■ Task objective
Below are the records; give again exactly the lines from the one containing "木造2階建ての一戸建て・アウ" through the one containing "跟著劉博士的腳踏車,記者來到", leaving out pictures.
Segment Start: Data
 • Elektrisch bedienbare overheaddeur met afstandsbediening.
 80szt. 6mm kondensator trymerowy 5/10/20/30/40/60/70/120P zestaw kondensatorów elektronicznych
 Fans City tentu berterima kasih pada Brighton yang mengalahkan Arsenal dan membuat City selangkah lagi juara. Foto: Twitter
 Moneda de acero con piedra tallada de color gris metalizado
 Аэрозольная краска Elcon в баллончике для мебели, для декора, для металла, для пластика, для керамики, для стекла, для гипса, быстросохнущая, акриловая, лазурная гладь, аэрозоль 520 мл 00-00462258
Segment End: Data
Segment Start: Data
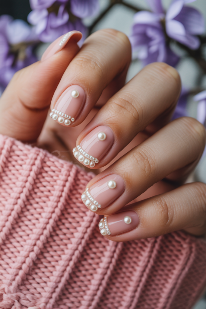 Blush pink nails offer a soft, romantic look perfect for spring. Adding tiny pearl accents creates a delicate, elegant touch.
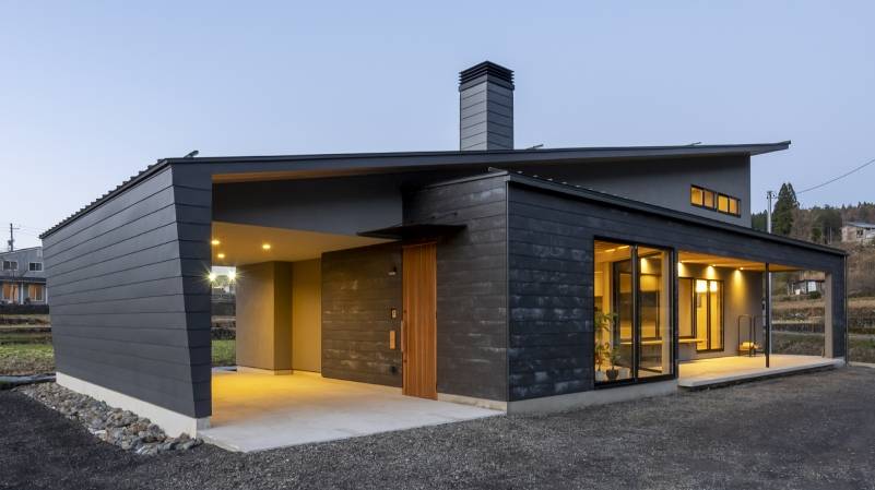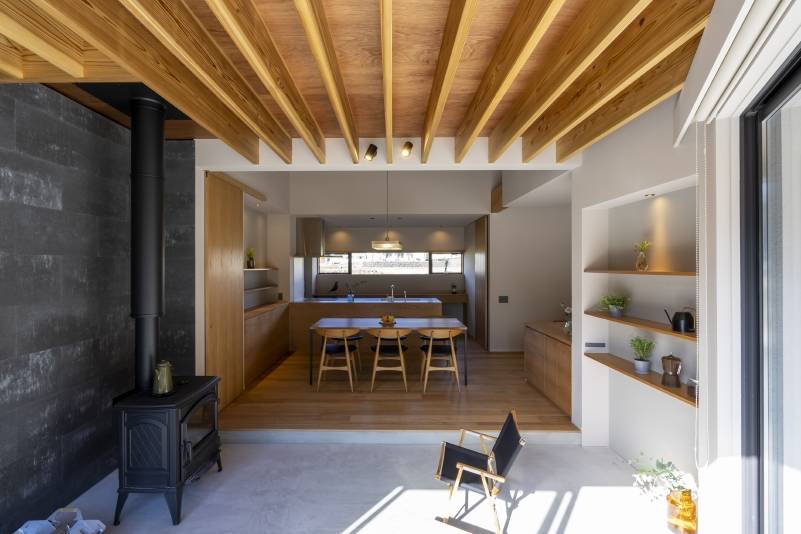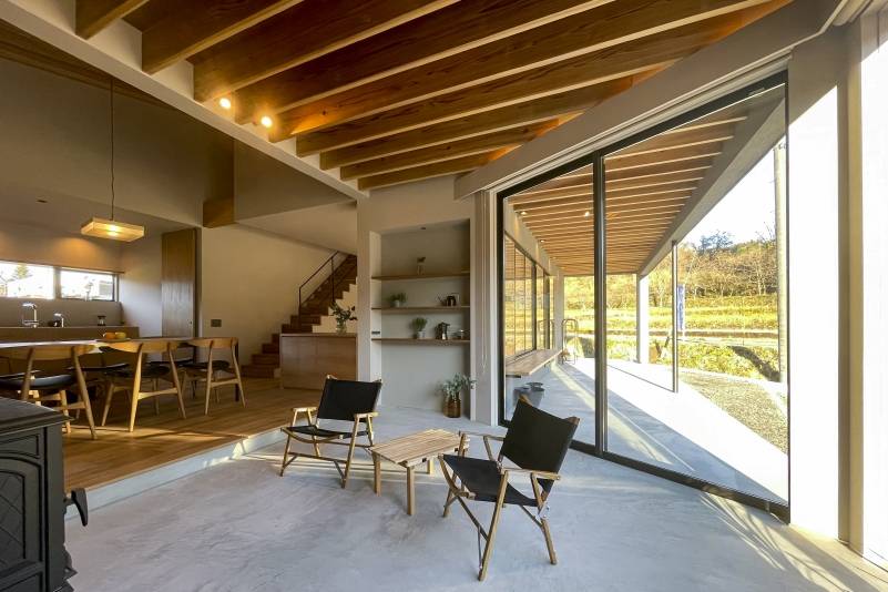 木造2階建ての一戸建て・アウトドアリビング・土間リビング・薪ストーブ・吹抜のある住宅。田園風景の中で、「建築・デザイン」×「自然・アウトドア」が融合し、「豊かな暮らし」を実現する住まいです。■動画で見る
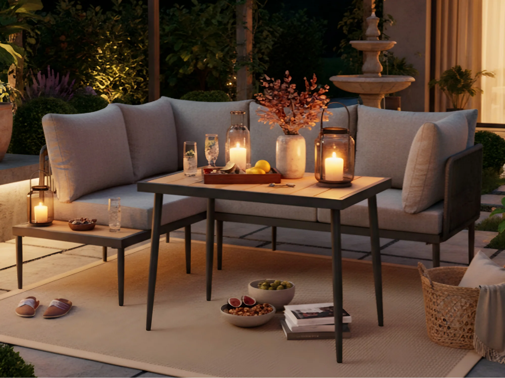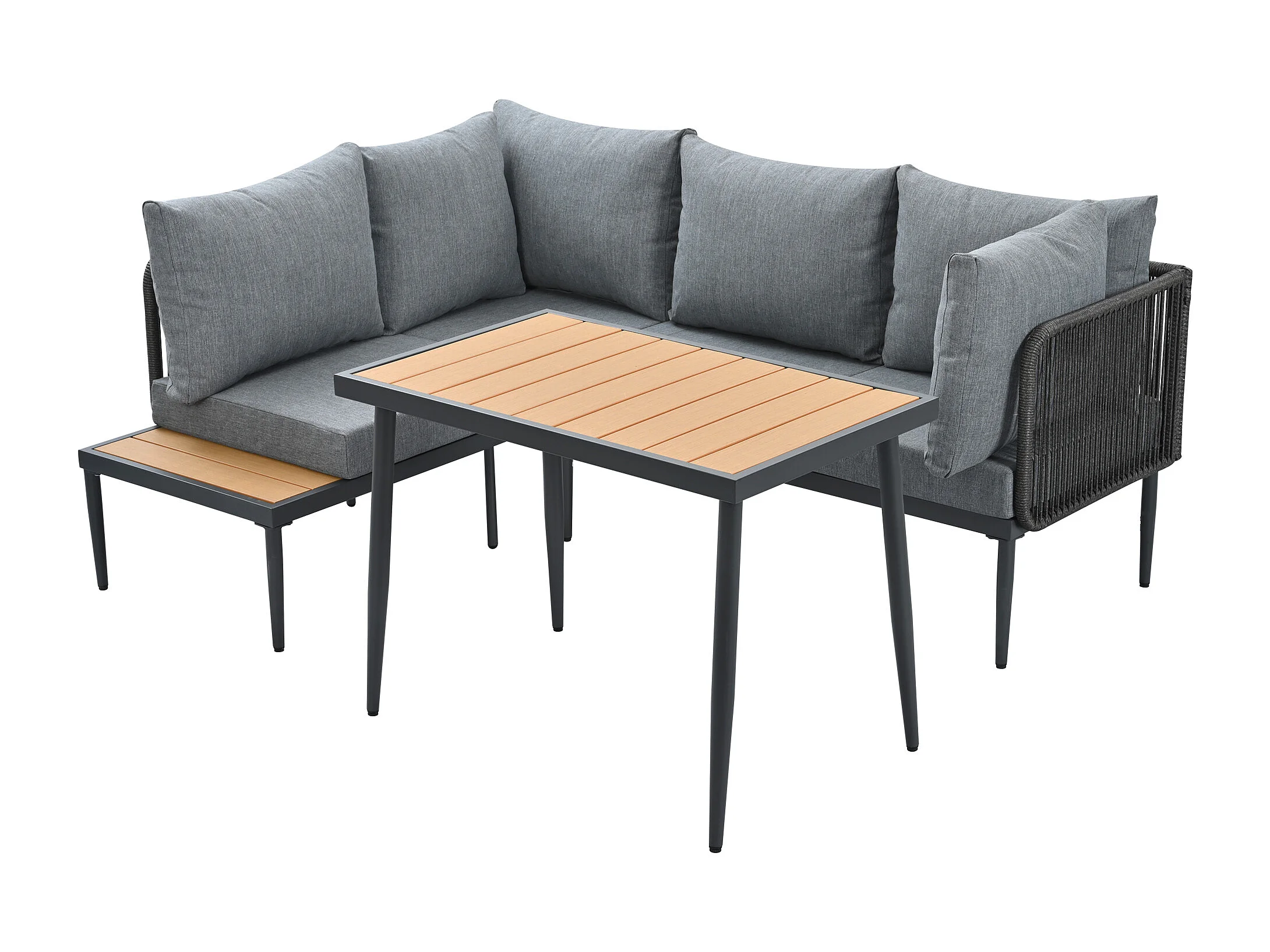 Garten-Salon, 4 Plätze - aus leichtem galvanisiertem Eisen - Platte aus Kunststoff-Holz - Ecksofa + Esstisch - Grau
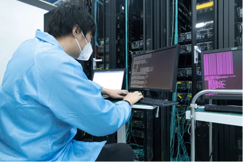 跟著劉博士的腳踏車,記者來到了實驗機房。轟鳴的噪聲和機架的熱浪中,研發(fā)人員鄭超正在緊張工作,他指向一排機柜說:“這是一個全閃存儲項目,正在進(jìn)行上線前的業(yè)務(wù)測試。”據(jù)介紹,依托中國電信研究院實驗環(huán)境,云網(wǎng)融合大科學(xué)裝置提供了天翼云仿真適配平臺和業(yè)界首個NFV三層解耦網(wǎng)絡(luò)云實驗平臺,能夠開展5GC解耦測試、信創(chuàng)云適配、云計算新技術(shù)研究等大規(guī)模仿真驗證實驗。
Segment End: Data
Segment Start: Data
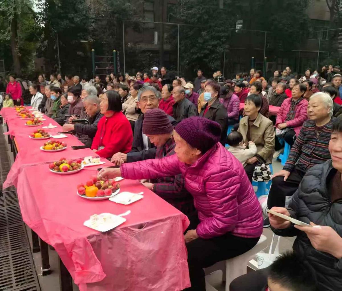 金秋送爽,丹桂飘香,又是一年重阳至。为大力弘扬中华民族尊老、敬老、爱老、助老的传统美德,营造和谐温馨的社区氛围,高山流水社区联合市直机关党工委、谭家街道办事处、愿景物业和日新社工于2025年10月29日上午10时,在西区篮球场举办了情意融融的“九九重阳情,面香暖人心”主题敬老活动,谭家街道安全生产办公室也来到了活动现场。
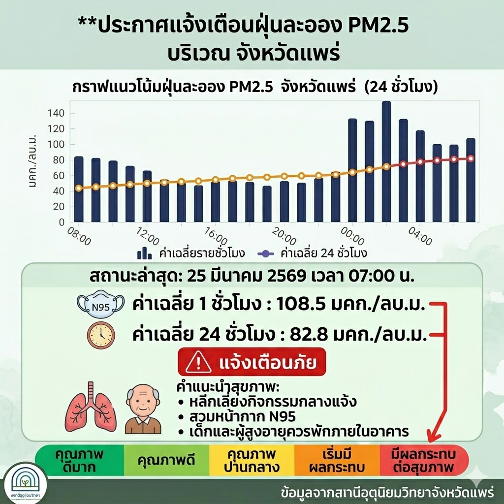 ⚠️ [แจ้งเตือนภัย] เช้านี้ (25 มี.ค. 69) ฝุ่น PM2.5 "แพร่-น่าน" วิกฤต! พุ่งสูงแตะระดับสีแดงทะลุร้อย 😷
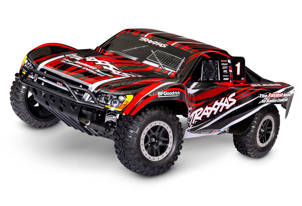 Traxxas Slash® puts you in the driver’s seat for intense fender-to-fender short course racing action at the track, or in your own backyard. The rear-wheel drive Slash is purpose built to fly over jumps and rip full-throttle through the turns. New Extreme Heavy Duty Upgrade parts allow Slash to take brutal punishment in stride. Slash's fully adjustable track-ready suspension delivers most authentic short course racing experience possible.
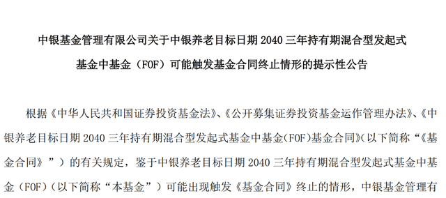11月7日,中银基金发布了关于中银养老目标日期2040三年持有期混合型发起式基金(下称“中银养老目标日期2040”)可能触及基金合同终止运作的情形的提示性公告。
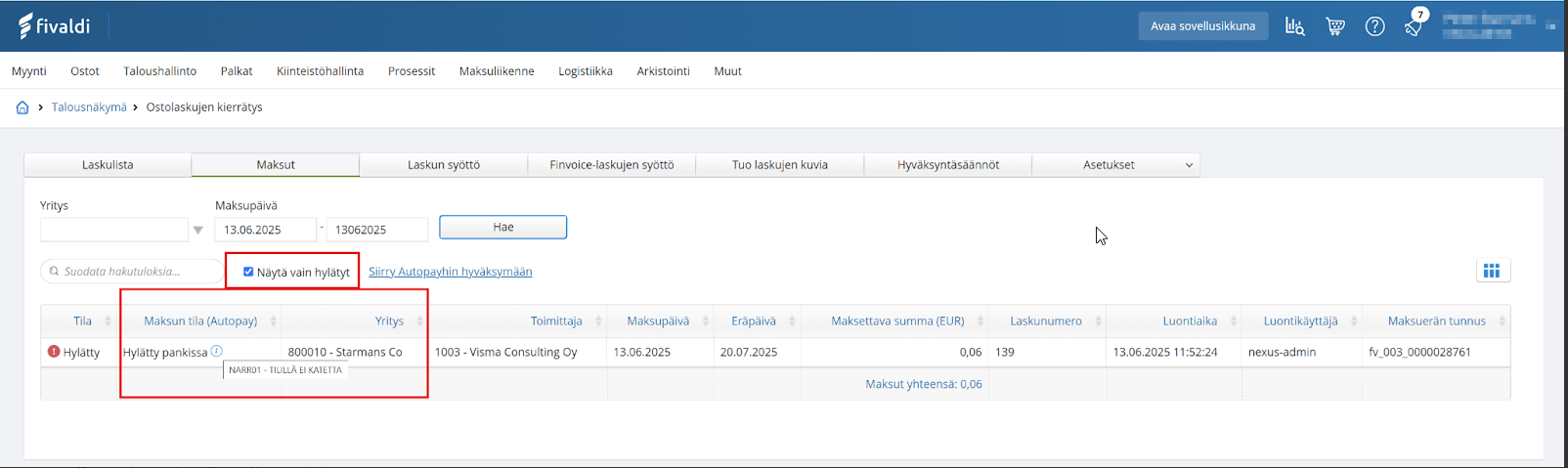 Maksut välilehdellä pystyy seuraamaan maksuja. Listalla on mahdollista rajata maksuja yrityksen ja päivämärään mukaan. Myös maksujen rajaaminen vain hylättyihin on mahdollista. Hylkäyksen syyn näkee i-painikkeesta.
Segment End: Data
■ Task response
 木造2階建ての一戸建て・アウトドアリビング・土間リビング・薪ストーブ・吹抜のある住宅。田園風景の中で、「建築・デザイン」×「自然・アウトドア」が融合し、「豊かな暮らし」を実現する住まいです。■動画で見る
 Garten-Salon, 4 Plätze - aus leichtem galvanisiertem Eisen - Platte aus Kunststoff-Holz - Ecksofa + Esstisch - Grau
 跟著劉博士的腳踏車,記者來到了實驗機房。轟鳴的噪聲和機架的熱浪中,研發(fā)人員鄭超正在緊張工作,他指向一排機柜說:“這是一個全閃存儲項目,正在進(jìn)行上線前的業(yè)務(wù)測試。”據(jù)介紹,依托中國電信研究院實驗環(huán)境,云網(wǎng)融合大科學(xué)裝置提供了天翼云仿真適配平臺和業(yè)界首個NFV三層解耦網(wǎng)絡(luò)云實驗平臺,能夠開展5GC解耦測試、信創(chuàng)云適配、云計算新技術(shù)研究等大規(guī)模仿真驗證實驗。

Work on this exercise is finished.